Blockchain is a distributed database system that acts as an "open book" (also called ledger) for storing and managing transactions. Each record in the database is called a block and contains details such as the timestamp of the transaction as well as a link to the previous block. This makes it impossible for anyone to change information about records retrospectively. In addition, due to the fact that the same transaction is registered in multiple distributed database systems, the technology is secure by design. Therefore, Blockchain is immutable - the information remains in the same state as long as the network exists.

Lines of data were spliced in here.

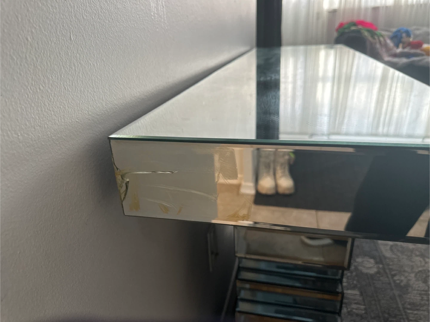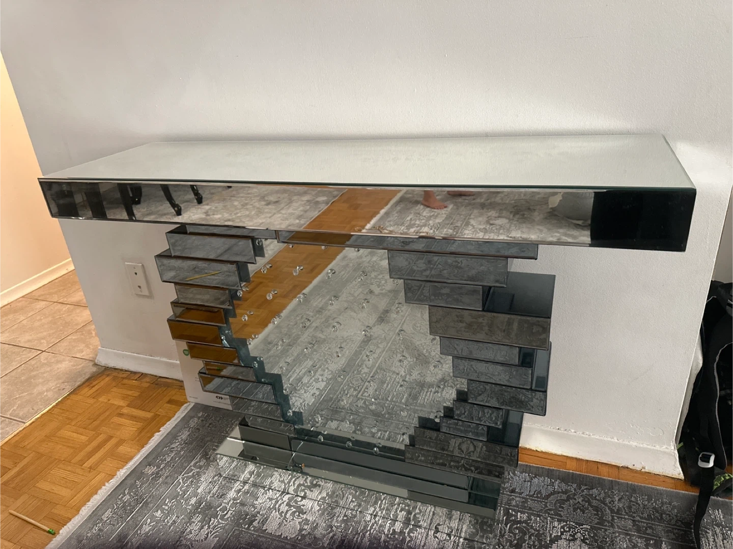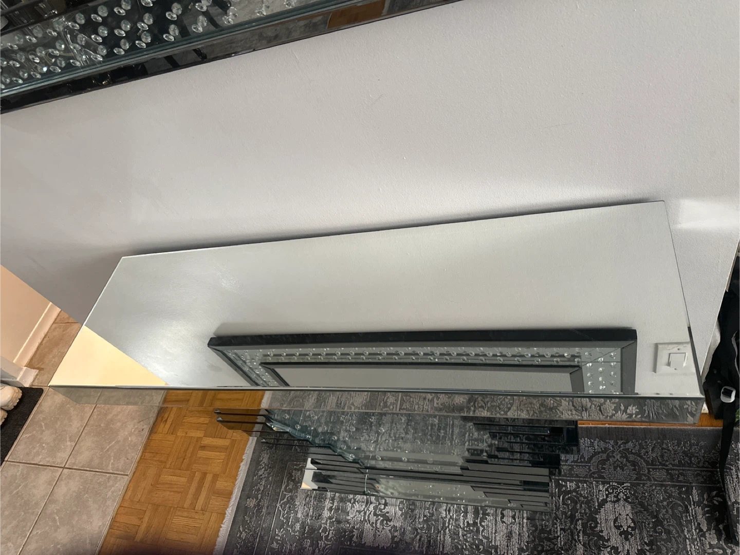 A stylish rectangular wall mirror featuring a dark grey frame embellished with clear crystal accents. This decorative piece will add a touch of glamour to any room. Its reflective surface makes spaces feel larger and brighter.
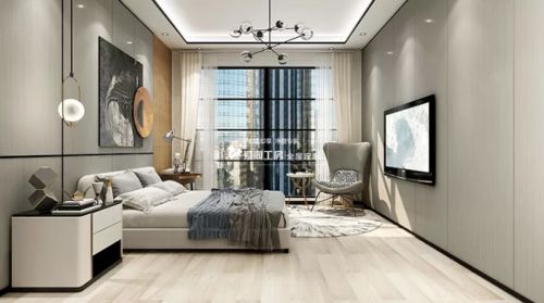 主卧则是延续了港式轻奢的空间基调,精心设计的背景墙选择了银梨灰、装饰铝条和实木格栅护墙板搭配,简洁又不失高级感。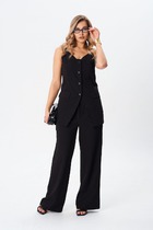 Костюм женский, состоящий из жакета на трикотажной подкладки и брюк палаццо. Жакет с притачной планкой по борту, с центральной застежкой на петли-пуговицы. Плечо спущенное, рукав втачной, с манжетой. Полочки и рукава из отделочной ткани. Брюки палаццо, на притачном поясе с резинкой и тесьмой. У брюк - боковые карманы.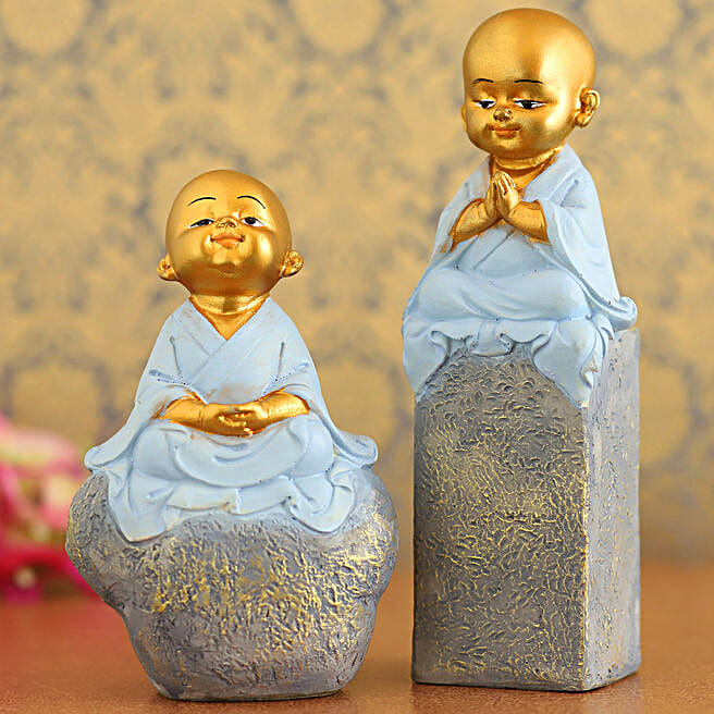 Blue Praying Monk Idols On Rock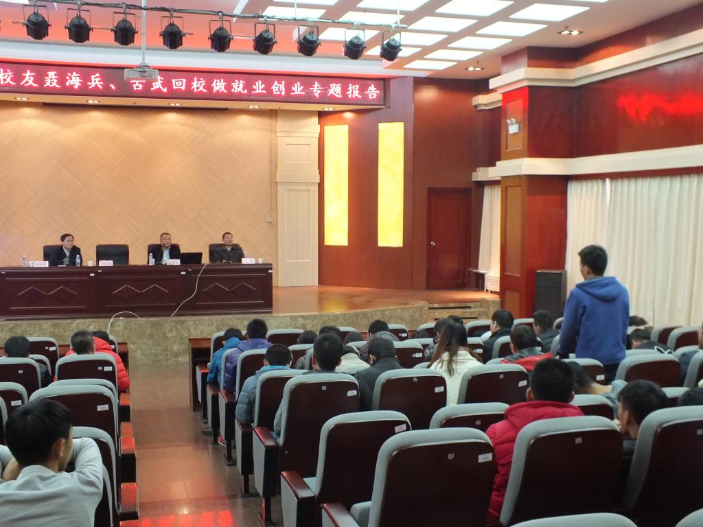 我院副书记、副院长王金彪,就业办主任蔡永刚及200余名在校生一起聆听了两位校友的讲座,大家被精彩的讲座深深打动。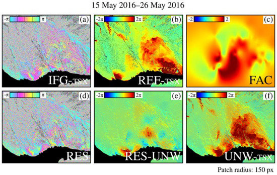 Also, for the other two cases (Figure 10 and Figure 11) involving sensors with considerably coarser resolution, our method still performs satisfactorily in producing phase residuals that are both spatially smooth and sufficiently small to reconstruct the unwrapped phase of the test interferograms. Reconstruction is not perfect, firstly due to the error sources identified in Section 3.1 (e.g., migration and introduction of deformation discontinuities), plus a few additional ones (such as small unwrapping errors in the reference in some small layover regions but particularly in the fast-moving area where the eastern lobe meets the Fels Glacier). Errors in the reconstruction are by and large limited to this fastest moving part of the slide (most visible in Figure 10e, the unwrapped residual of the ALOS-1 case), where the reference likely would also not be representative due to separation in time even in the absence of any phase unwrapping errors.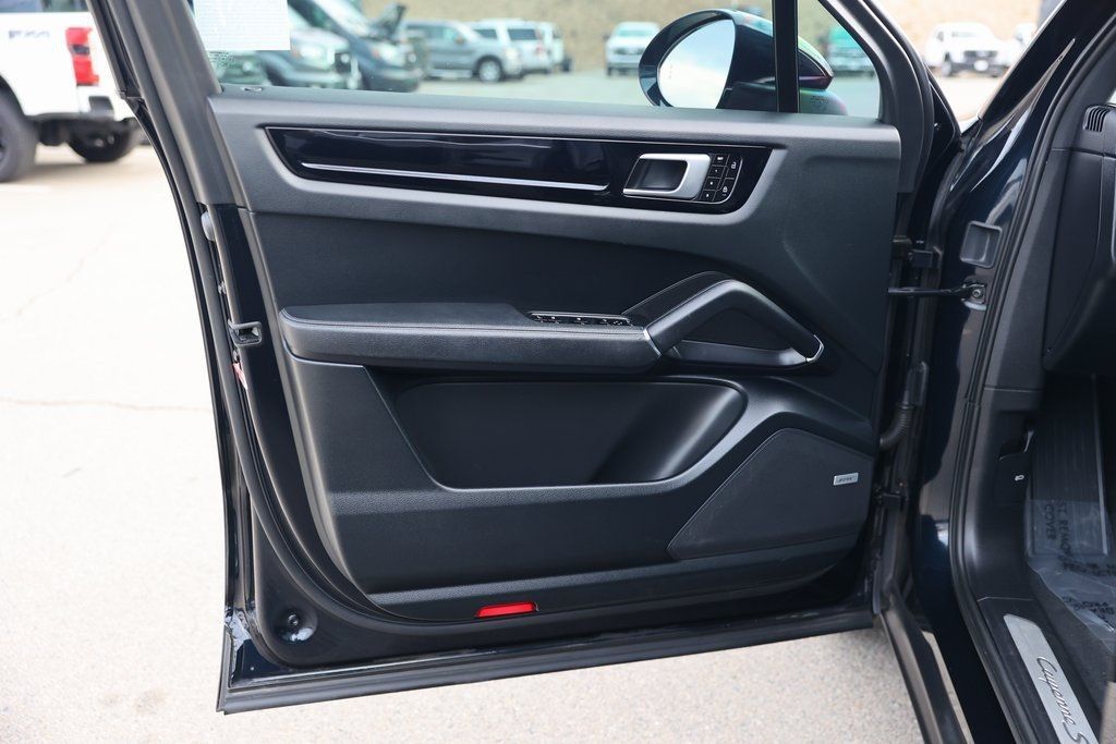 New Price! Moonlight Blue Metallic 2019 Porsche Cayenne S AWD 8-Speed Automatic with Tiptronic 2.9L V6 Black w/Leather Seat Trim w/Leather Interior, 10 Speakers, 14-Way Power Seats w/Memory Package, Adaptive suspension, Air Conditioning, Ambient Lighting, Apple CarPlay, Automatically Dimming Mirrors, BOSE Surround Sound System, Brake assist, Comfort Access, Electronic Stability Control, Exterior Parking Camera Rear, Front Bucket Seats, Fully automatic headlights, Heated Front Seats, Lane Change Assist (LCA), LED Headlights w/PDLS, Navigation system: Porsche Communication Management (PCM), Porsche Communication Management, Power Liftgate, Power moonroof: Panoramic, Premium Package, Rear fog lights, Remote keyless entry, Speed control, Spoiler, Wheels: 20" Cayenne Sport.Awards: * JD Power Automotive Performance, Execution and Layout (APEAL) Study * JD Power Automotive Performance, Execution and Layout (APEAL) Study, Vehicle Dependability Study (VDS) * 2019 KBB.com 10 Best Luxury SUVs * 2019 KBB.com Best Resale Value Awards * 2019 KBB.com Brand Image Awards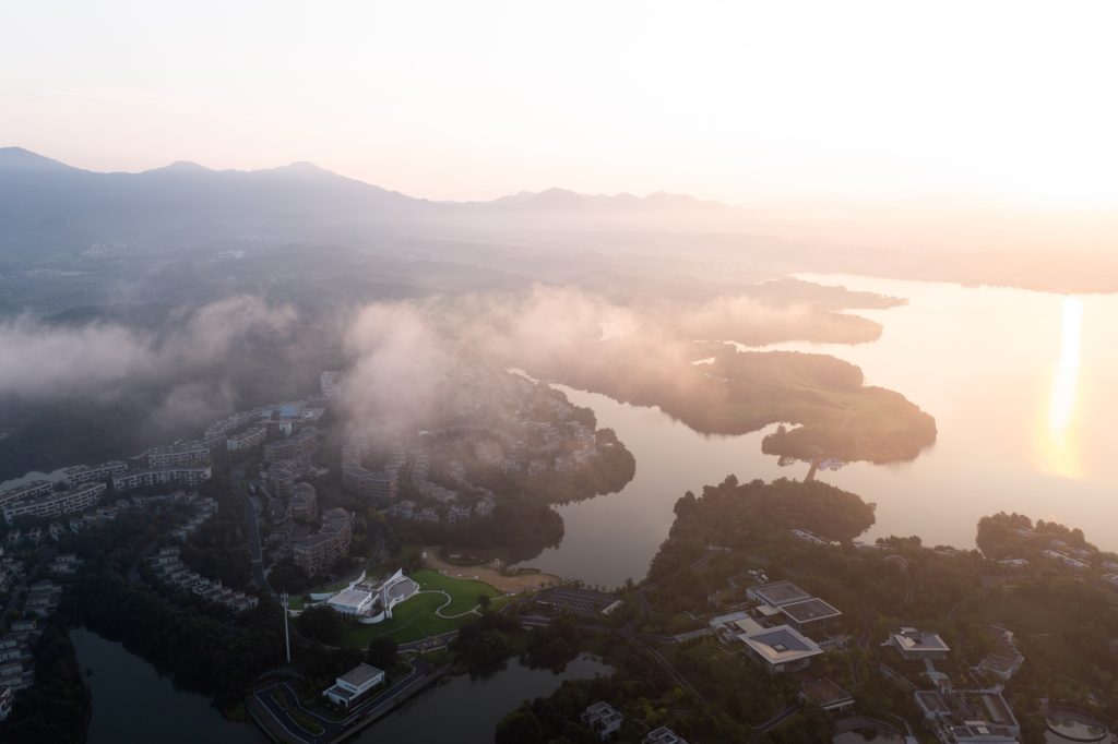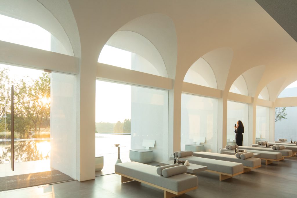 The ambition here is less about adding program than about restoring atmosphere. The design anchors itself in the lake’s shifting shoreline, the soft rise and fall of the terrain, and the region’s visual memory. PLAT ASIA’s point of reference is the spatial logic of shanshui painting, where mountain and water operate as a compositional structure – layering distance, framing movement, and building depth through successive thresholds. From this reading comes the project’s central device: the Ridge.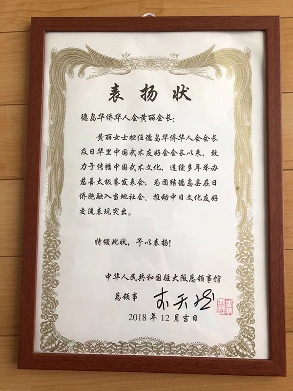 “我自己取得的一点成绩,离不开国家推广文化交流政策的扶植,离不开大阪总领馆的帮助,离不开同胞的支持。在德岛生活的时间长了,我总感觉这里的同胞们还还少了一个‘家’,我应该做点什么。”2009年,黄丽牵头成立了德岛华侨华人会。

Within the Bitcoin virtual currency, a Blockchain is the data structure that represents a financial accounting entry or a record of a transaction. Each transaction is digitally signed with the purpose of guaranteeing its authenticity and ensuring that no one adulterates it, so that the record itself and the transactions within it are considered of high integrity.
True magic comes, however, from the fact that these digital log entries are distributed between a deployment or infrastructure. These additional nodes and tiers in the infrastructure serve the purpose of providing consensus on the state of a transaction at any time since all such nodes and tiers have copies of the authenticated records distributed between them.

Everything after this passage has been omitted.